MATERIAL TO PROCESS Start Marker

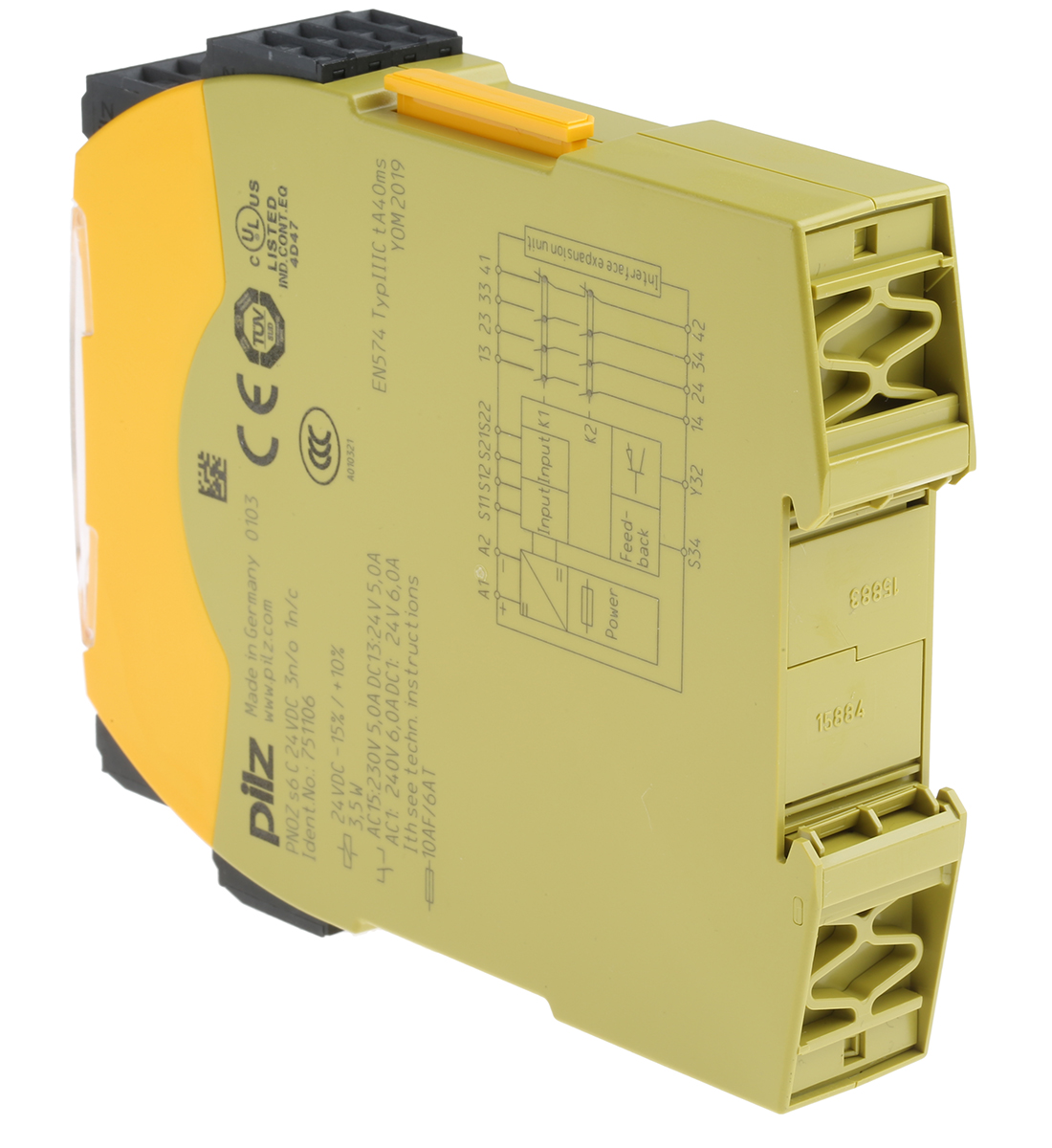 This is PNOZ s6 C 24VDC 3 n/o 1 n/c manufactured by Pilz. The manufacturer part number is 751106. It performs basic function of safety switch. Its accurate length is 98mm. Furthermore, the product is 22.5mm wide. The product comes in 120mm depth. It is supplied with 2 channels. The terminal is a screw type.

MATERIAL TO PROCESS End Marker
MATERIAL TO PROCESS Start Marker

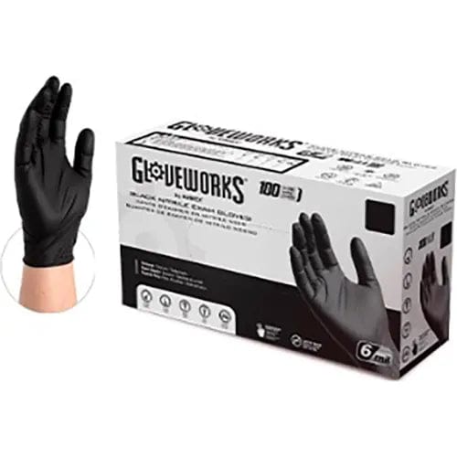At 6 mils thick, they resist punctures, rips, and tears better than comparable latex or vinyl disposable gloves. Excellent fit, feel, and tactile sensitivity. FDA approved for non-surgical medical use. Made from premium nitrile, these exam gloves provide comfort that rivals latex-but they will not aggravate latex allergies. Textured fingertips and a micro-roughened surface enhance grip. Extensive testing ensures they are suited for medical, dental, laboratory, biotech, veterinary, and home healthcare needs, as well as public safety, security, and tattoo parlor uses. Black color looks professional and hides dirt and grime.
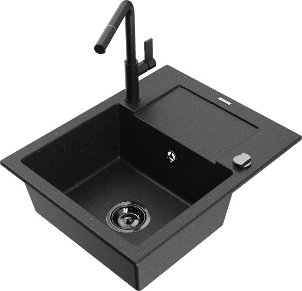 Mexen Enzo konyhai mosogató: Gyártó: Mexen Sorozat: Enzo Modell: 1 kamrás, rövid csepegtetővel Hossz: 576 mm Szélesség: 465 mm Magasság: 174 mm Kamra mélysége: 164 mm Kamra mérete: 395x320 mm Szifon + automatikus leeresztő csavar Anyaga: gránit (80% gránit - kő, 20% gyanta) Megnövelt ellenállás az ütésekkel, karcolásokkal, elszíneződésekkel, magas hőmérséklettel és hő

MATERIAL TO PROCESS End Marker

- [BRIEF]: Could you transcribe exactly the entries above, but only the lines from the one with "At 6 mils thick, they" through the one with "Mexen Enzo konyhai", and without pictures?

- [YOUR SOLUTION]:
At 6 mils thick, they resist punctures, rips, and tears better than comparable latex or vinyl disposable gloves. Excellent fit, feel, and tactile sensitivity. FDA approved for non-surgical medical use. Made from premium nitrile, these exam gloves provide comfort that rivals latex-but they will not aggravate latex allergies. Textured fingertips and a micro-roughened surface enhance grip. Extensive testing ensures they are suited for medical, dental, laboratory, biotech, veterinary, and home healthcare needs, as well as public safety, security, and tattoo parlor uses. Black color looks professional and hides dirt and grime.
 Mexen Enzo konyhai mosogató: Gyártó: Mexen Sorozat: Enzo Modell: 1 kamrás, rövid csepegtetővel Hossz: 576 mm Szélesség: 465 mm Magasság: 174 mm Kamra mélysége: 164 mm Kamra mérete: 395x320 mm Szifon + automatikus leeresztő csavar Anyaga: gránit (80% gránit - kő, 20% gyanta) Megnövelt ellenállás az ütésekkel, karcolásokkal, elszíneződésekkel, magas hőmérséklettel és hő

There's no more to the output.